To get to the point of hosting on Proxmox, first I need to get prototypes online. For that I'll be using public clouds, that way I can grow the project and work out issues before committing to the expense of hardware.

Choosing Between Self-Hosted, Co-Located, Hybrid Cloud, and Public Cloud Infrastructure

Where you run your software is server infrastructure, and it's an important decision.

Many developers are used to managed services, that provide a way for you to run software on a virtualised environment. Virtual Machines, containers, serverless functions, and so on. Using public cloud infrastructure is an attractive notion, because then you eliminate all the toilsome tasks of managing your own servers.

Electricity and internet utilities, estimating capacity, swapping failing disks, cycling ageing hardware, and so on? Let the dedicated operational teams handle that. You get a stable, dependable platform-as-a-service to base your work on, for a cost.
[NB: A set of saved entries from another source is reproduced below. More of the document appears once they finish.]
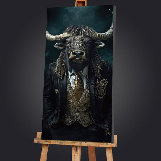 Digitaldruck-Wandbild auf Sicherheitsglas „Gentleman Bull“ | Rahmenloses Wandbild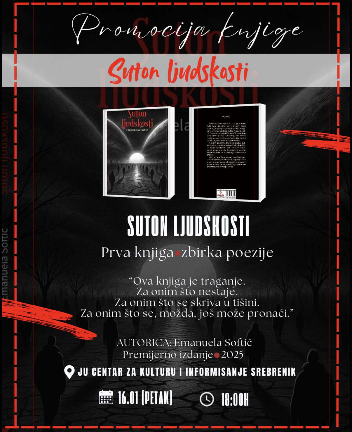 Srebrenik će u petak, 16. januara, biti domaćin značajnog kulturnog događaja – promocije knjige „Suton ljudskosti“, prve zbirke poezije autorice Emanuele Softić. Promocija će biti održana u JU Centar za kulturu i informisanje Srebrenik, s početkom u 18:00 sati.
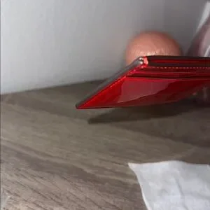 Patent Fabric. 4 exterior credit card slots. Open middle compartment. Small logo plate.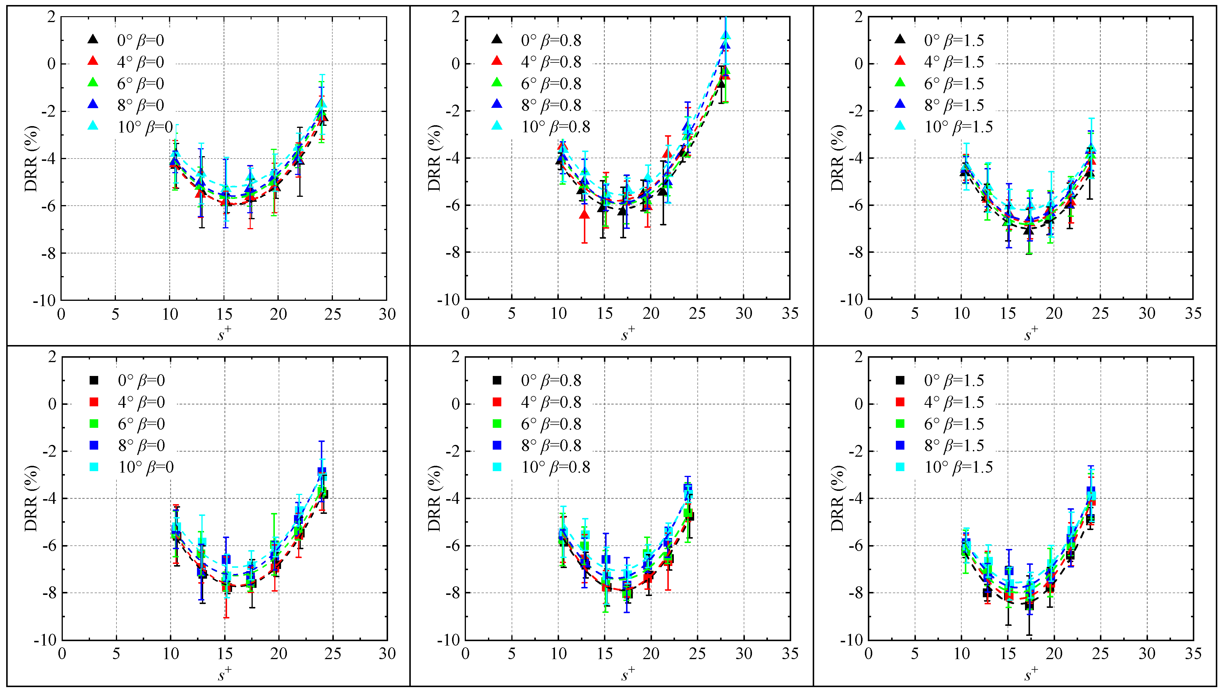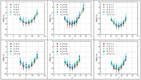 Figure 16. It is evident that under all adverse pressure gradient conditions, the drag reduction rate progressively decreases with increasing yaw angle (crossflow effects), indicating that crossflow suppresses the drag-reducing effectiveness of riblets. This finding necessitates that the design of riblet surfaces on aircraft must account for the local flow direction of the surrounding flow field. Riblets should be aligned with the actual local streamlines to optimize drag reduction performance.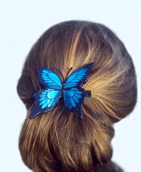 Clemă de păr franțuzească: fulg Azure pictat manual, în Tiffany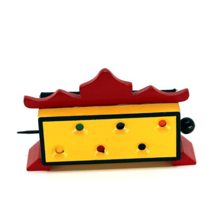 Effect: A miniature pagoda-style cabinet of first-class design and finish, as are all our props, and six coloured blocks are shown. TWO BLOCKS ARE FREELY SELECTED, then all six are returned to the cabinet and secured by a metal spike which is thrust through the cabinet and the centre of the blocks.

That cost can be quite significant over time, though.

Contrast this with the other end of the spectrum, so to speak: self-hosted infrastructure that you have total control over. That means being a servant to the machine spirit, sometimes, but you can tailor your experience with enough know-how and resources.

I love self-hosting software. I also love redundancy and reliability. Seeing as my home does not have fibre lines and backup power generation and LTE failover networking... let's just say that I quickly ruled out the at-home server closet idea. I also don't want to worry about data integrity issues from fires or theft.

Since I'm a tiny solo dev, I'm also immediately ruling out the idea of "build a data centre building of my own" for the expense of it, and "rent an office to store servers in" for similar reasons to the at-home closet idea.

Self-hosting is great for hobby or non-critical projects! There might even be a place for it in Blasphemess, for e.g. off-site backups and maybe specific continuous integration/automation tasks.

With self-hosting ruled out, let's look at the closest reasonable alternative: co-located servers. This is essentially just renting rack space in a data centre, and letting them handle almost all the physical infrastructure whilst you handle the servers and software.

I'm drawn to this idea of co-lo rack space. It's cheaper in the long run than public clouds and provides ample opportunity to develop new skills on the hardware side. The downside with this approach is that it takes a significant investment up-front to get rolling. Server hardware is not cheap, and you need to jump through hoops to rent rack space.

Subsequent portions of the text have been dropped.